Peut-être que cela est dû à votre manière de procéder dans la création, mais vous avez composé ici un film très humaniste qui ne parle pas seulement des jeunes gens et des artistes : c’est un film qui parle des vies et des relations humaines. Que vouliez-vous dire à travers ce film ?

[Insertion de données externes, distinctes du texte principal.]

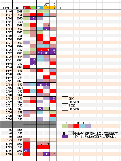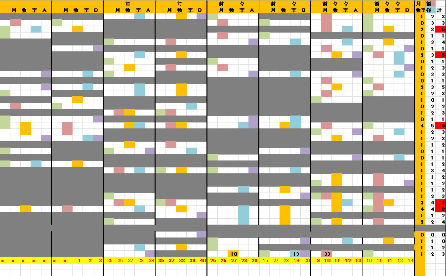 ☆ 前回の月Bが【0】31、木Bが【-1】31,7B①が【-1,+1】46,7B②が【-2,-1】1617,となりました。裏技5関連数字が5個出現となりました。
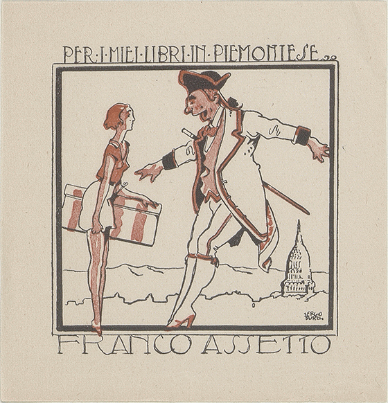 [PER I MIEI LIBRI IN PIEMONTESE. Ex libris de Franco Assetto]/ propietario Franco Assetto; diseñador Sergio Burzi
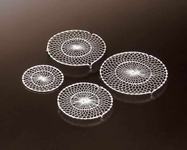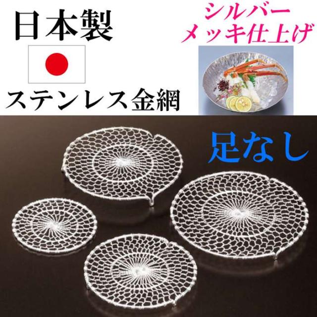 日本製 金網 丸型 円形 ステンレス シルバー メッキ仕上げ 手編み ハンドメイド 目皿 網 フライ 天ぷら用 とんかつ用 揚げ物用 盛り付け網 業務用 家庭用 足なし
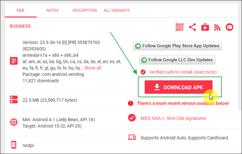 마지막으로 우리가 다운로드 받으려고 하는 play 스토어 설치 파일에 대한 상세 설명을 확인할 수 있어요. target은 권장 사양을 의미하오니 참고해 주세요. 설명을 한 번 훑어본 후에 "DOWNLOAD APK"를 클릭하면 apk 파일에 대한 다운로드가 진행돼요.
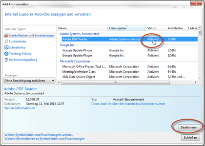 Wenn Adobe Reader installiert ist und Sie dennoch keine PDF-Dokumente im Internet Explorer öffnen können, ist möglicherweise die Verwendung von Adobe Reader deaktiviert.
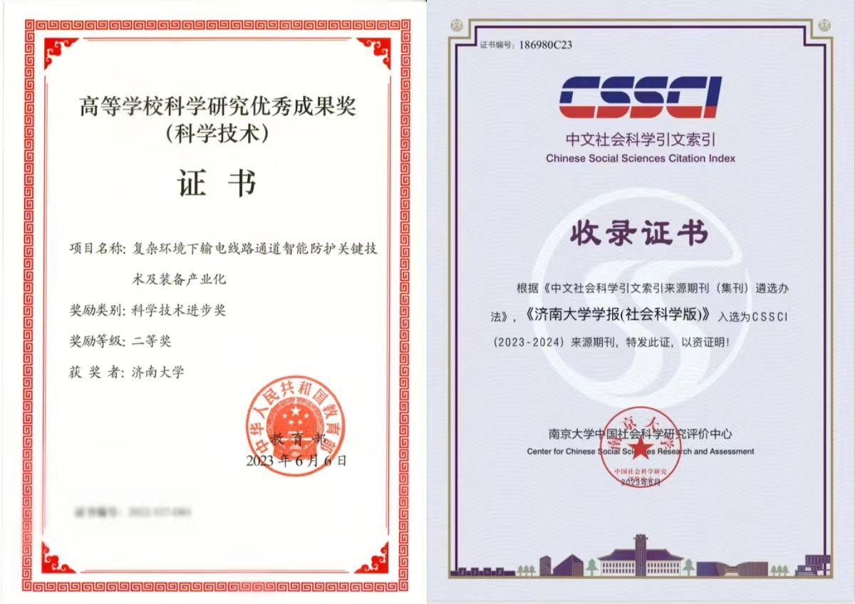 7月,濟(jì)南大學(xué)作為第一完成單位、信息科學(xué)與工程學(xué)院李金屏教授作為第一完成人的成果“復(fù)雜環(huán)境下輸電線路通道智能防護(hù)關(guān)鍵技術(shù)及裝備產(chǎn)業(yè)化”獲得教育部科學(xué)技術(shù)進(jìn)步獎(jiǎng)二等獎(jiǎng)。2023年,學(xué)校獲批國家級(jí)自然科學(xué)項(xiàng)目59項(xiàng),20項(xiàng)科技成果獲省部級(jí)獎(jiǎng)勵(lì),授權(quán)國家發(fā)明專利481項(xiàng),發(fā)表高水平科研論文1351篇。獲批國家社科基金年度項(xiàng)目與青年項(xiàng)目16項(xiàng),立項(xiàng)總數(shù)排名全國高校并列第92位、山東省屬高校并列第4位。獲得山東省社科優(yōu)秀成果獎(jiǎng)15項(xiàng),獲獎(jiǎng)數(shù)量排名省屬高校第4位?!稘?jì)南大學(xué)學(xué)報(bào)(社會(huì)科學(xué)版)》再次入選CSSCI來源期刊(2023-2024),1篇論文獲評(píng)中宣部組織的主題出版宣傳好文章,1個(gè)欄目入選中宣部評(píng)定的全國學(xué)術(shù)期刊重點(diǎn)專欄建設(shè)名單。
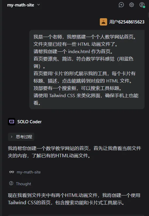 在 AI 技术爆发的今天,教育正在发生一场静悄悄的变革。以前,想要搭建一个属于自己的教学网站,老师们需要学习复杂的 HTML 代码、购买服务器、配置域名,往往折腾几天也搞不定。但现在,只要你愿意尝试,借助 AI 工具 Trae 和国内好用的托管平台 Gitee,哪怕零基础,你也能在 10 分钟内变身“极客老师”,搭建出一个既美观又实用的数学课件导航站。安装工具:下载并安装 Trae(或者 Cursor)。创建文件夹:在电脑桌面创建一个文件夹,起名叫 my-math-site。放入你的动画:把你之前做好的 HTML 动画文件丢进去。比如你有一个 dice.html(骰子)和一个 circle.html(圆面积)。在 Trae 中打开:打开 Trae,点击 Open Folder,选中刚才创建的 my-math-site 文件夹。在 Trae 的界面右侧(或者按 Ctrl+I / Cmd+I 唤醒对话框),切换到 Builder 模式(这是专门用来写项目的模式),然后直接复制下面这段话发送给它,现在Trae有Solo模式也很好用:首页要用‘卡片’的形式展示我的工具,每个卡片有标题、描述,点击能跳转到对应的 HTML 文件。请使用 Tailwind CSS 来美化界面,确保手机上也能看。”生成代码:Trae 会自动思考,然后开始写代码。你会看到它创建了 index.html 和一个 config.js(用来存工具列表的文件)。点击接受:当它写完后,代码上方会出现 Accept(接受)按钮,点击它,文件就会保存到你的文件夹里。第四步:预览效果
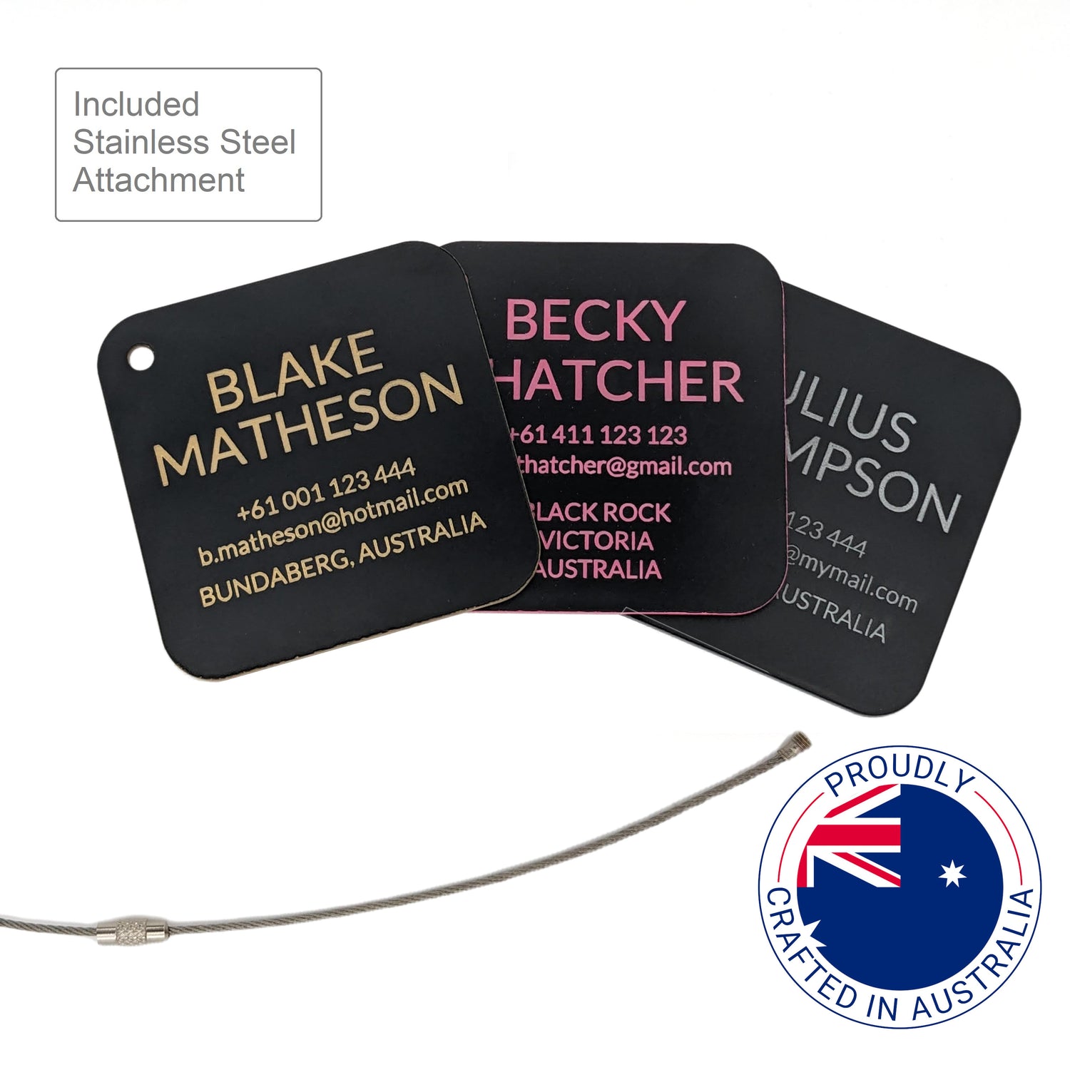 Proudly made in Australia, each luggage tag is laser-cut with precision and finished to ensure a premium, polished look. Travel in style with this premium custom luggage tag!
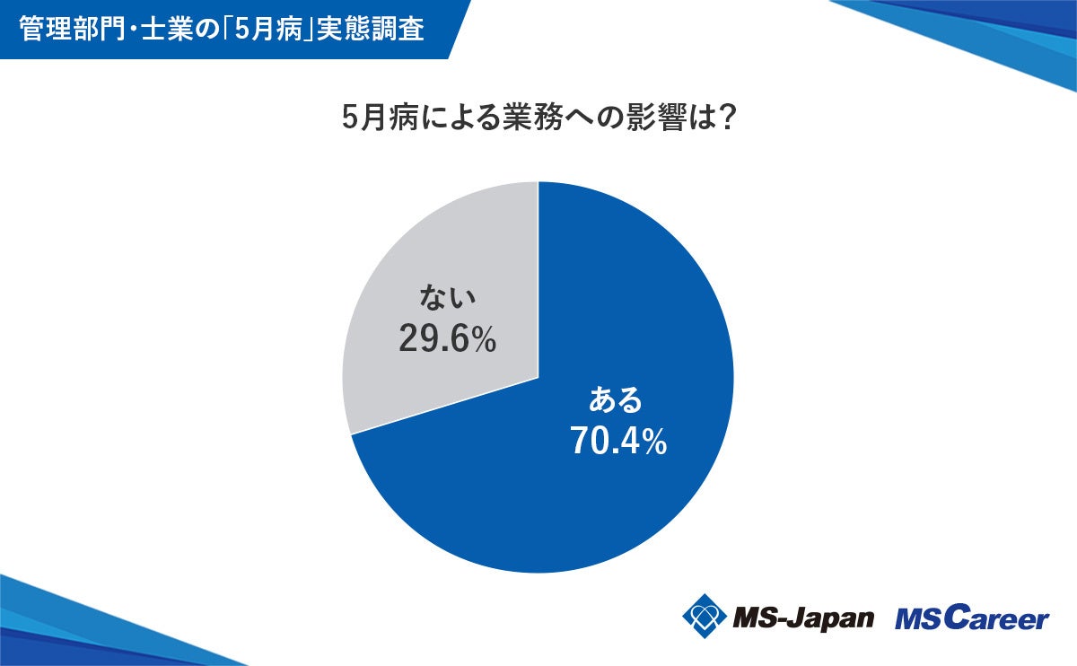 最後に5月病による業務の影響に関する調査では、70.4%の方が「影響を感じた」ことが明らかになりました。
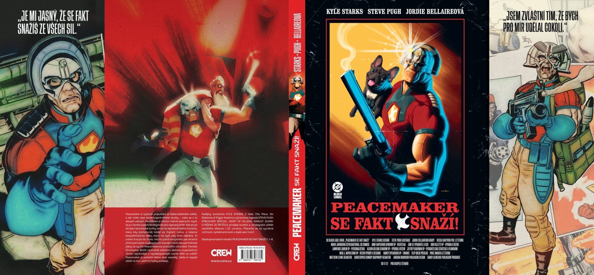 Výstřední název recenze? Možná. Víte, některé komiksové postavy čekají desítky let na svůj moment na výsluní. Peacemaker, antihrdina balancující na hraně fanatického patriotismu, absurdního násilí a nečekané zranitelnosti, je toho zářným příkladem. Nicméně díky seriálu Peacemaker od Jamese Gunna, jehož druhá série nyní skončila, a naprosto famóznímu ztvárnění od Jona Ceny, se tento svým způsobem hňup dere neuvěřitelně kupředu. Scénárista Kyle Starks si tak řekl, spojím se s DC, jejich temnou, brutální a nezávislou sérií Black Label, a dám jim dílo Peacemaker se fakt snaží! Bude plné humoru, krve, násilí, zvířátek a tolika vulgarismů, že i dlaždiči by se do ženského pohlavního orgánu na čtyři končícího na -íči styděli něco takového napsat. A tak mě asi ani nepřekvapuje, že oblíbené Nakladatelství Crew s tímhle dílem do řady Black Label sem muselo přijít.
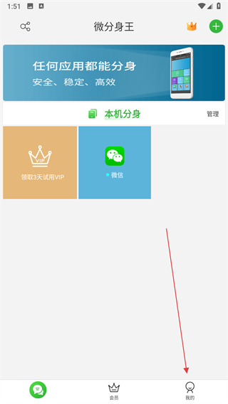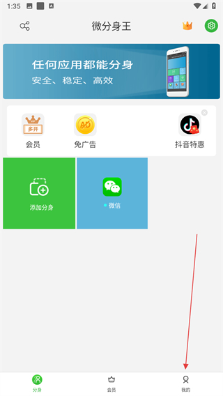 1、打開(kāi)微分身王APP,點(diǎn)擊右下角我的。
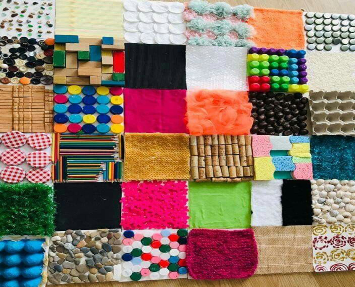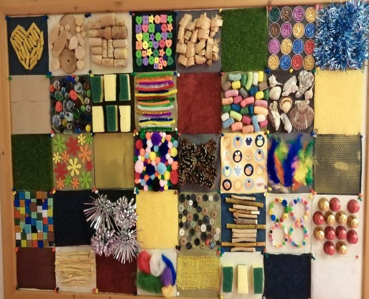 | Touch | Sandpaper, fabric swatches, beads | Builds tactile awareness |
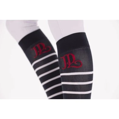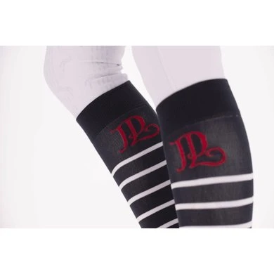 Pénélope “Duchesse” gestreepte sokken verkocht in sets van twee paar uit de Saint James x Pénélope Collections collectie. Deze set van twee paar sokken bestaat uit een navy gestreept wit paar en een navy gestreept wit paar. Beide hebben het PL logo in rood. Perfect om te dragen bij een paardrijbroek en ideaal voor vrijetijdsritten of wedstrijden. Samenstelling: 57,7% Polyamide – 27% Katoen – 11,7% Polyester – 4,5% elastaan: Kies je maat zonder je zorgen te maken, ze vallen niet groot of klein. Wasadvies: Onze Duchesse sokken kunnen zonder problemen in de wasmachine op 30°C gewassen worden. Droog ze echter niet in de droger.

Je ne serai jamais capable de répondre à cette question avant de faire un film. C’est la question que je me pose toujours à moi-même. Le film n’est pas juste un point de vue : c’est une invitation. Ce n’est pas exactement une proposition au monde : ça parle de ce que je veux pour ma vie.

Le film date de 2017. Nous sommes à présent en 2019 et ce n’est que maintenant qu’il sort dans les cinémas de votre pays. Pouvez-vous nous parler de la distribution ?
Nous avons beaucoup eu beaucoup de chance dans les festivals. J’aurais bien aimé que le film sorte avant au Portugal. Il est sorti au Brésil en mars, et maintenant le voilà dans les salles portugaises. C’est une grande victoire, car il est extrêmement difficile ici de distribuer des films de cette taille, avec un petit budget et une vision radicale. C’est un moment de crise en terme de distribution dans le pays, mais je suis vraiment content de l’idée que d’ici la fin de l’année, le film sera disponible sur les services de streaming, parce que c’est un film que nous avons fait pour qu'il soit montré au public.